Fernando Llorente has his say on controversial goal against Man City

Fernando Llorente has his say on controversial goal against Man City



Fernando Llorente believes the referee was right to award his goal against Manchester City on Wednesday night.

The striker scored Tottenham’s third goal to send the visitors through to the Champions League semi-finals.

The ball appeared to brush off Llorente’s arm before hitting his hip and finding its way into the back of the net.

A lengthy VAR check ensued but the referee eventually awarded the goal, and Llorente thinks the man in charge made the right decision.

“I feel very good, it’s unbelievable what you feel in that moment,” Llorente said (via Sky Sports).
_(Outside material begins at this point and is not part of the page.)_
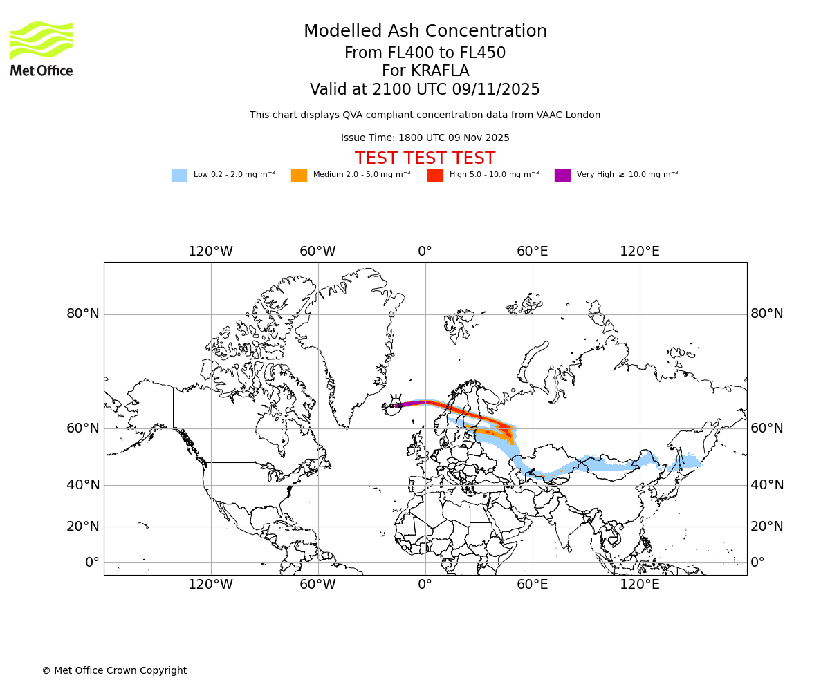 In accordance with ICAO Annex 3, Amendment 82 VAAC London will provide operational QVA forecasts from 27 November 2025 and these will be made available via a VAAC London QVA API information service. These charts are currently provided for test and evaluation purposes (not for operational use) until the introduction of the operational service.

“It was a little bit difficult when the referee was watching the goal, but I think it was a goal. I am very happy to help the team.

“It’s a dream. It’s an unbelievable team and group, and I believe in all the team. I believe we can make history this year. This is our moment.”
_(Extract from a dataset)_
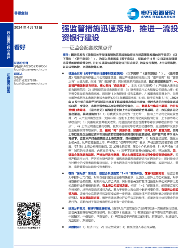 【申万宏源】【20240413】非银金融行业证监会配套政策点评:强监管措施迅速落地,推进一流投资银行建设-14页 行业研究

Llorente came on as a substitute towards the end of the first half following an injury to Moussa Sissoko.

The Spaniard hardly affected the game but his goal turned out to be the decisive moment – we gave him a 6/10 in our player ratings, which you can read here.

There was more VAR drama at the death when Raheem Sterling’s late strike was ruled out for offside after huge celebrations from the City players, staff and fans.

It’s a night that won’t be forgotten any time soon.


  1. VAR is surely there to overturn obvious errors or confirm field decisions made. It was obvious the late Sterling goal was offside, so the goal decision had to be overturned. It was NOT obvious that the ball touched Llorente’s hand, so therefore the decision had to stand. You cannot overturn a ‘given’ goal on the basis of speculation and opinion, over what all the officials, on and off field, saw.
    This was one of Spurs’ greatest Glory Nights. The first time we’d made it to the SFs of Europe’s top competition since 1962, where we narrowly missed out to the great Benfica (who went on to win it).
    And we did it without key injured players! A word about Wanyama. So many (including me) had written him off as a past his sell-by-date DM. And yet, with no other central midfielders around him (Winks, Dier, Sissoko for half the game, and Dembele, who left 6 months too early) he stood among the defenders like Horatius at the Bridge, while helping to propel forward the occasional Spurs’ counters. Alli and Eriksen weren’t in their optimum field positions but they too fought manfully. It’s hard to play at any level with a broken hand/wrist, and I know that personally from my own far lower level of football back in the 1970s. And Eriksen should be so relieved over those final few seconds, that he should perhaps sign his new contract in gratitude alone! We may have lost our shape and tactics in that game, due to injuries, players playing out of position, and, not least, the constant waves of light blue attacks, but we fought like a band of brothers, heroes all!!
    The new stadium! The Glory of the CL semis! It seems that, finally, Gods from afar are looking graciously on our wonderful club! But on Saturday, it’s ‘once more unto the breach dear friends, once more ..’, and the fight for the insurance of top four.